Talking Dogs


The only thing to come out of any of these movies that was remotely entertaining was when the cat fell in the river (and off the giant waterfall) in Homeward Bound. I was like 7-years-old when I saw it, so maybe it isn't as funny as it was way back 1993. Oh my God I'm old.
Oh my, alien dog sperm? Actually, the majority of the 99 puppies do not hail from Perdita's (Pongo's babymama) womb. Most of them were other puppies stolen by Cruella from pet stores, et cetera, and Pongo et. al merely rescue and adopt them.
What a waste of pixels and paper. Why don't you actually write about good stuff. This kind of fluff is easy.
Did they really explode 300 cats while making Milo & Otis? Or is it just me?
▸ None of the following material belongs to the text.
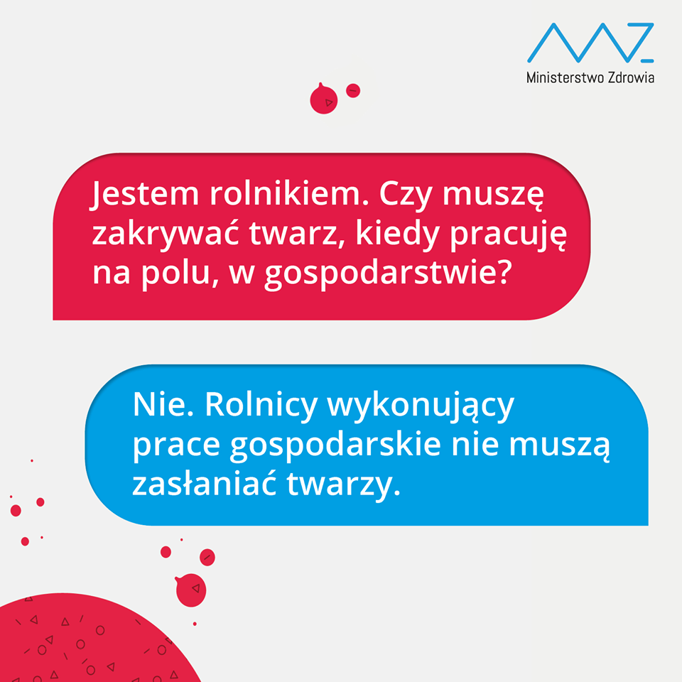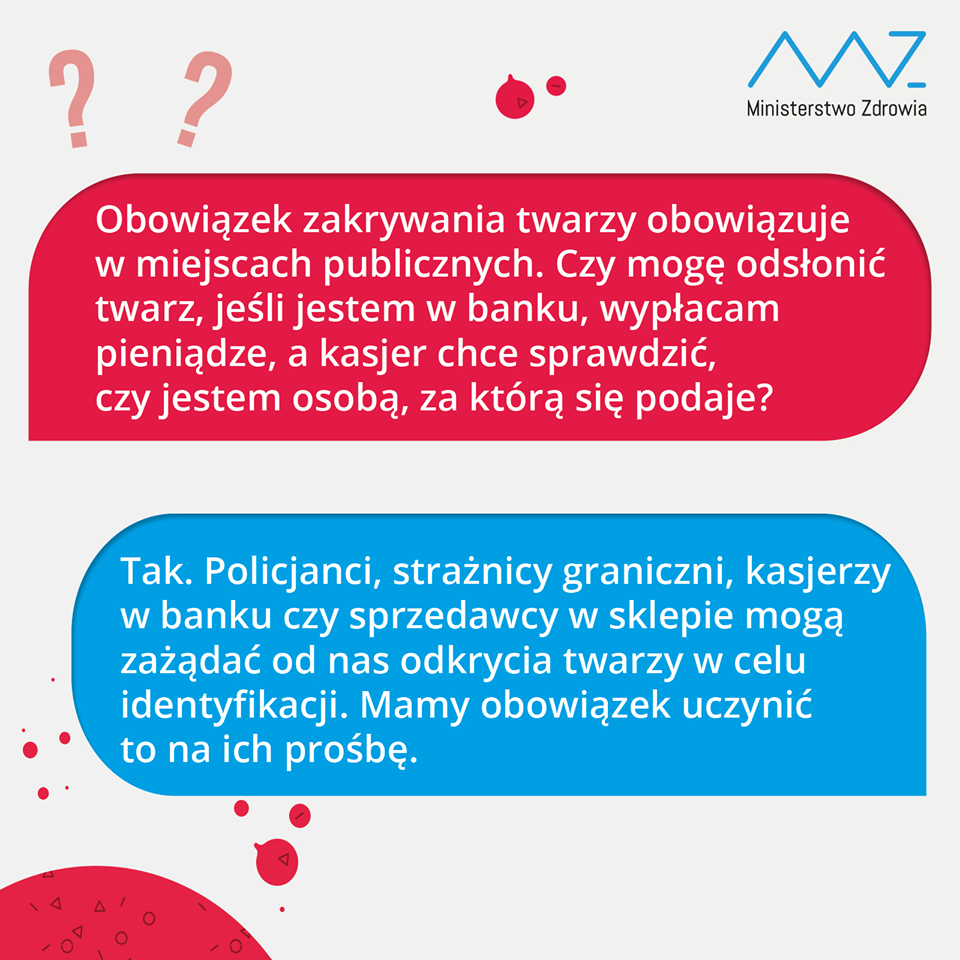 Maseczek nie muszą nosić też duchowni sprawujący obrzędy religijne, pracownicy, którzy nie obsługują interesantów, czy żołnierze wykonujący zadania służbowe. Odkryć usta i nos należy w razie konieczności identyfikacji lub weryfikacji tożsamości lub by umożliwić kontakt z osobą głuchą lub głuchoniemą. Z obowiązku noszenia maseczki zwolnione są dzieci do 4. roku życia oraz osoby chore, dla których zakrywanie twarzy wiąże się z pogorszeniem stanu zdrowia.

how in the name of all that is disney have you not seen 101 dalmations?!! i demand as a concerned reader that you rent it TODAY! and for dog sakes please watch the original animated version and not the god awful Glenn Close one.
oh wow i really wasn't trying to be cute by typing 'dog sakes'. that was a totally gross typo. sorry.
@Inness and suckit:
I know! It's totally weird--101 Dalmations (orig) was my favorite movie when I was a kid, but I had some kind of brain lapse when I wrote this column. I remembered about the mass puppy adoption about 2 seconds before it went to press. Oops. My point stands, though: It WOULD be gross if one dog gave birth to 99 puppies. Let's try to keep that from ever happening, shall we?
1930 MGM short "A dogway melodie" and "Hot dog (all Barkie)"

Two great movies worthy of all the dog shit it took to make them.
I think the commercials for Beverly Hills Chihuahua have given me a mild form of Cancer.
I thought the first film to have a dog with CGI-assisted expressions was Babe (1995).
Don't forget to include the talking sheep-dogs from "Babe". That movie was the best of the talking animals genre.